» **Requirement**
Your answer must be an exact copy of the records, minus any pictures.

Data supplied START

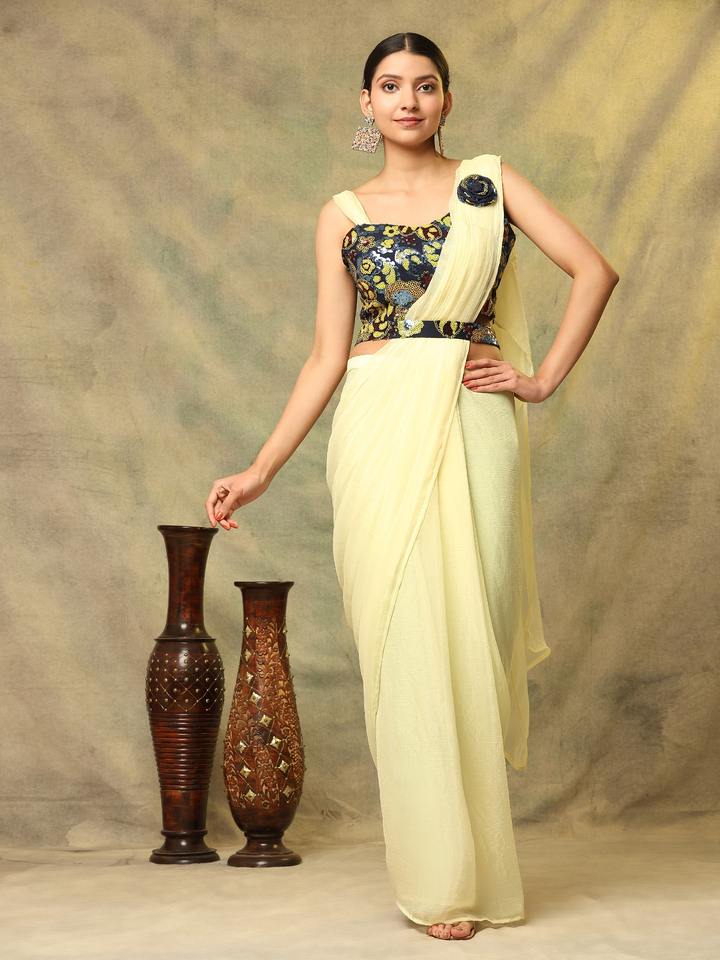 El último diseñador Georgette Silk Printed Sequence Work Listo para usar Saree de Fab Zone
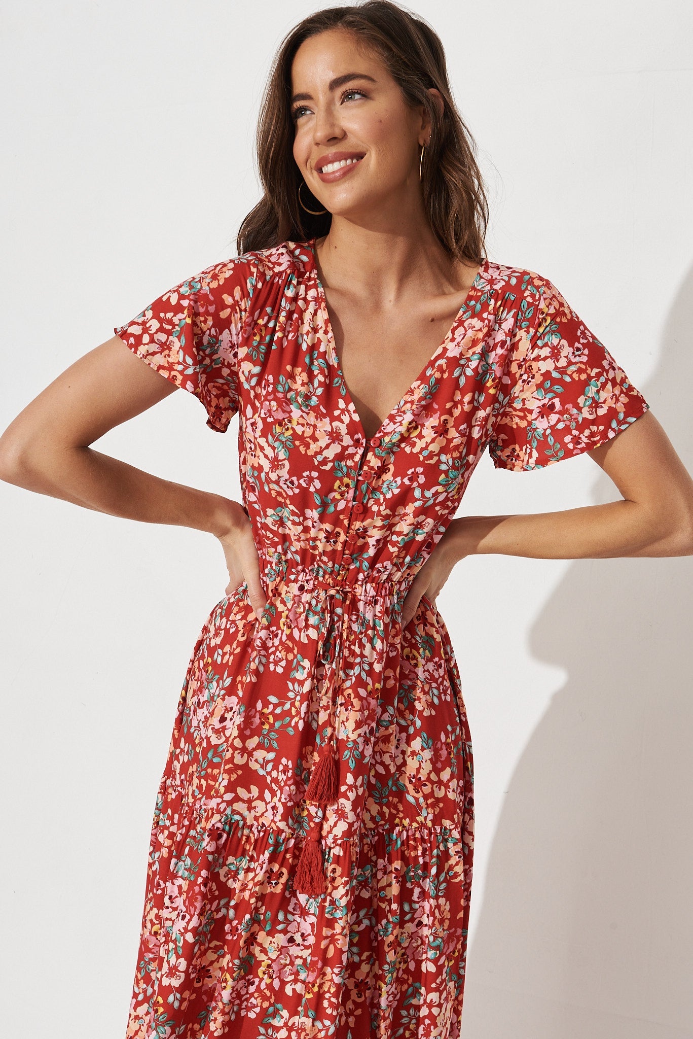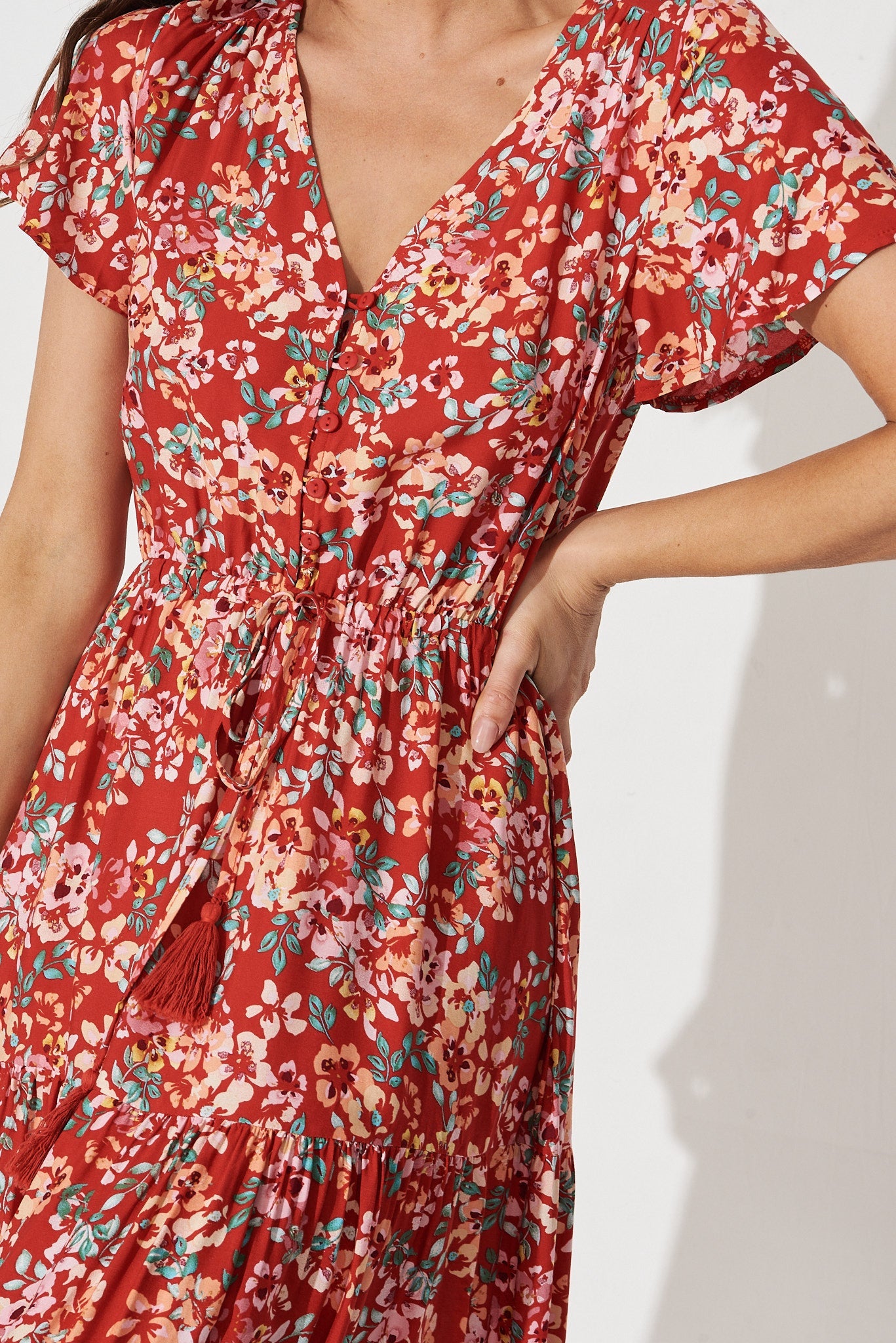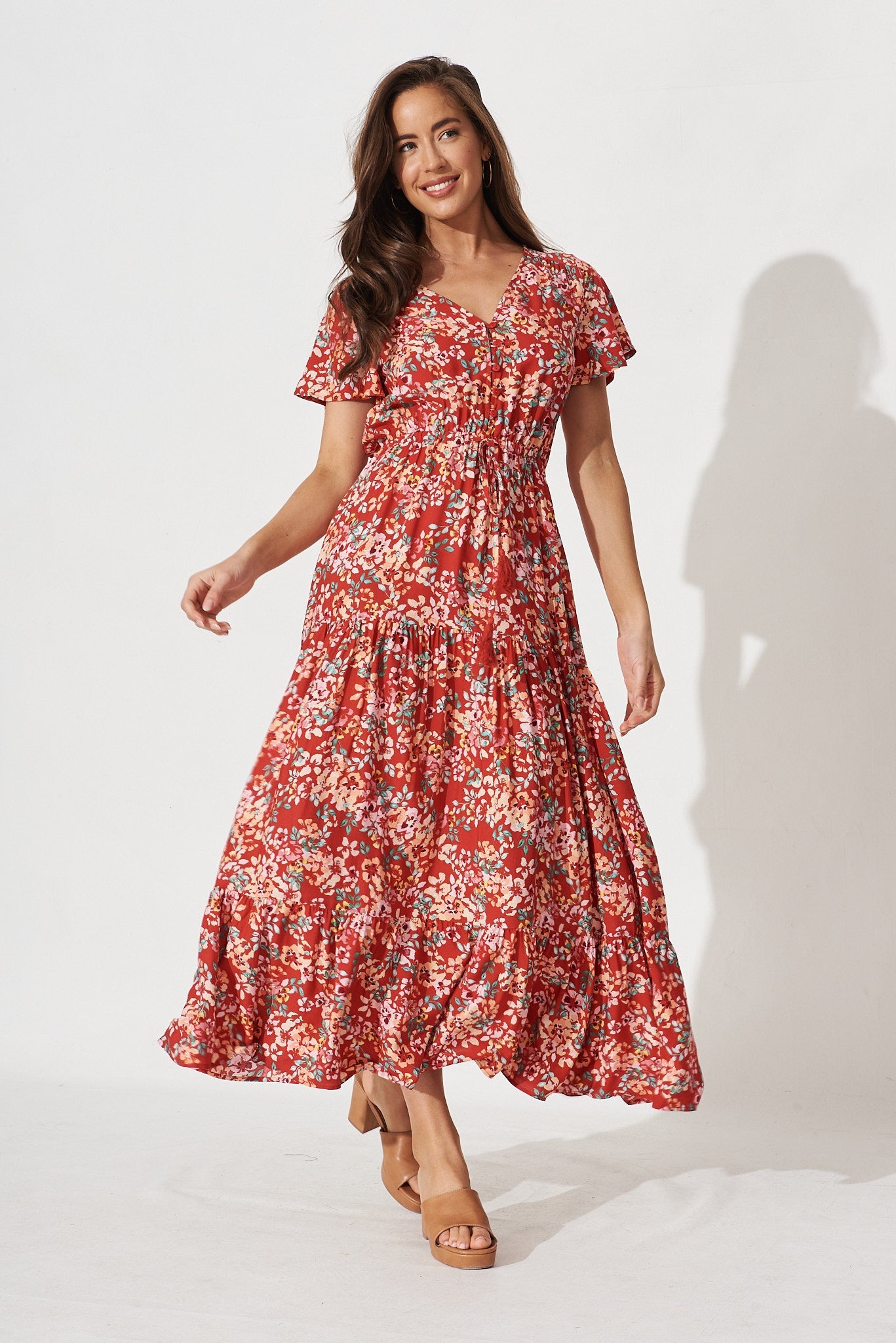 Elxi Maxi Dress In Red With Beige Floral
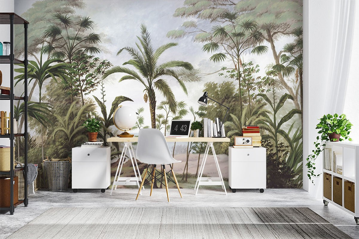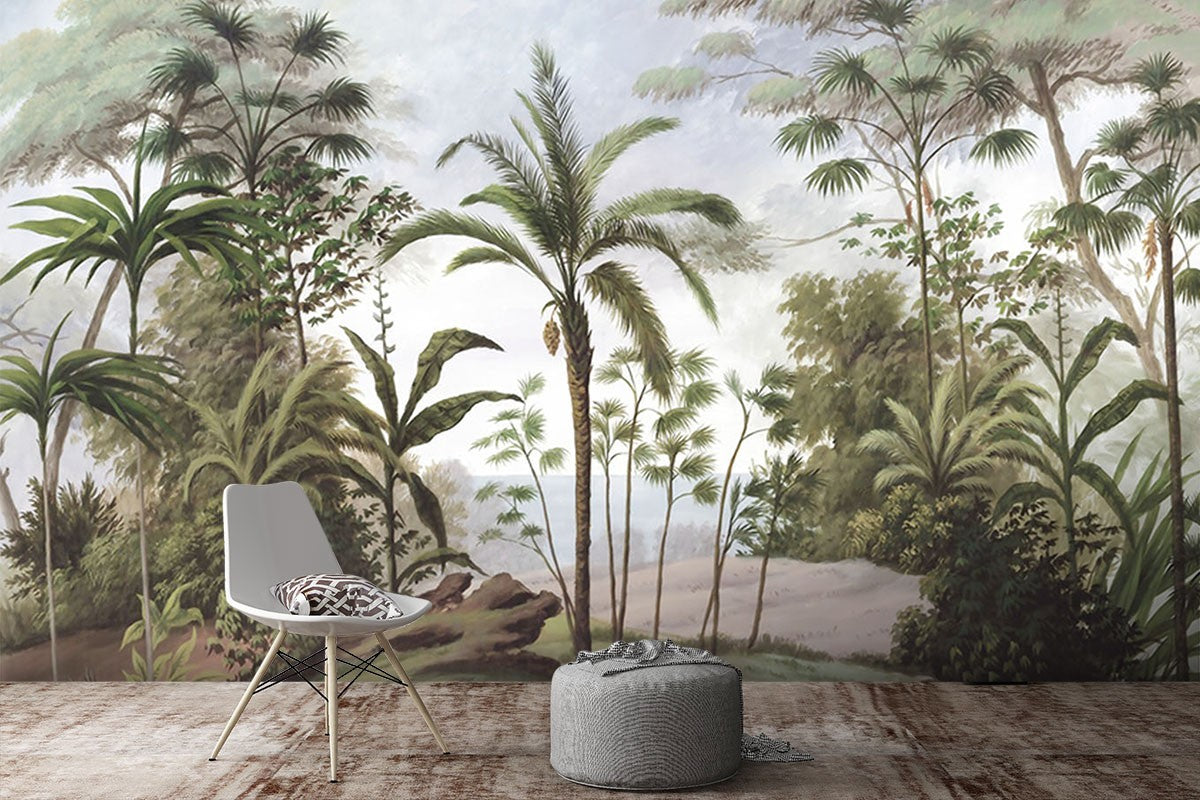Tropical Trees Forest Jungle Green Wallpaper Mural,Self-Adhesive Peel And Stick 3D Wall Mural,Designer Removable Wall Decor
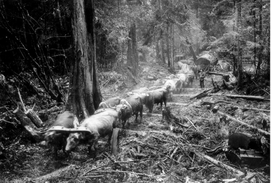 Hauling Logs By Oxen, 19—, BC Archives NA-06524
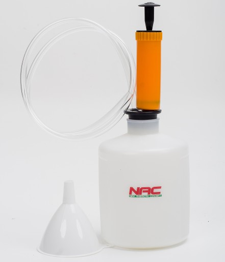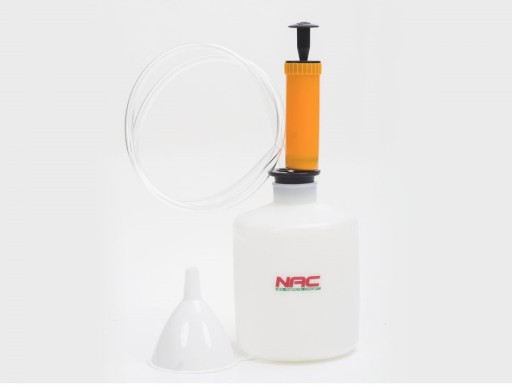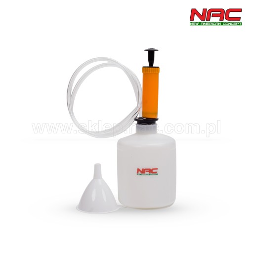 W zestawie znajdziesz pojemne naczynie na zebrany olej, pompkę, która ułatwia jego odsysanie, oraz gumowy wężyk. Lejek pozwala na przelanie substancji bez ryzyka jego wylania.
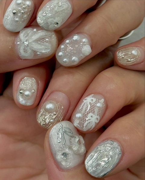 Самая популярная идея за последние несколько сезонов — маникюр с ассоциациями. Здесь ты можешь не только изобразить новогоднее настроение, но и добавить любимые акценты. К примеру, те же самые популярные банты, кружево и жемчуг. Последними тебе точно придется обзавестись: мастерить их из 3D-геля будет достаточно сложно. Главная фишка — абсолютно непохожие дизайны каждого ноготка. Один может напоминать ракушку, другой — подснежник, который только что распустился из-под тонны снега. В конце добавь несколько металлических элементов для большего сияния!

Data supplied END

» **Exercise result**
 El último diseñador Georgette Silk Printed Sequence Work Listo para usar Saree de Fab Zone
 Elxi Maxi Dress In Red With Beige Floral
Tropical Trees Forest Jungle Green Wallpaper Mural,Self-Adhesive Peel And Stick 3D Wall Mural,Designer Removable Wall Decor
 Hauling Logs By Oxen, 19—, BC Archives NA-06524
 W zestawie znajdziesz pojemne naczynie na zebrany olej, pompkę, która ułatwia jego odsysanie, oraz gumowy wężyk. Lejek pozwala na przelanie substancji bez ryzyka jego wylania.
 Самая популярная идея за последние несколько сезонов — маникюр с ассоциациями. Здесь ты можешь не только изобразить новогоднее настроение, но и добавить любимые акценты. К примеру, те же самые популярные банты, кружево и жемчуг. Последними тебе точно придется обзавестись: мастерить их из 3D-геля будет достаточно сложно. Главная фишка — абсолютно непохожие дизайны каждого ноготка. Один может напоминать ракушку, другой — подснежник, который только что распустился из-под тонны снега. В конце добавь несколько металлических элементов для большего сияния!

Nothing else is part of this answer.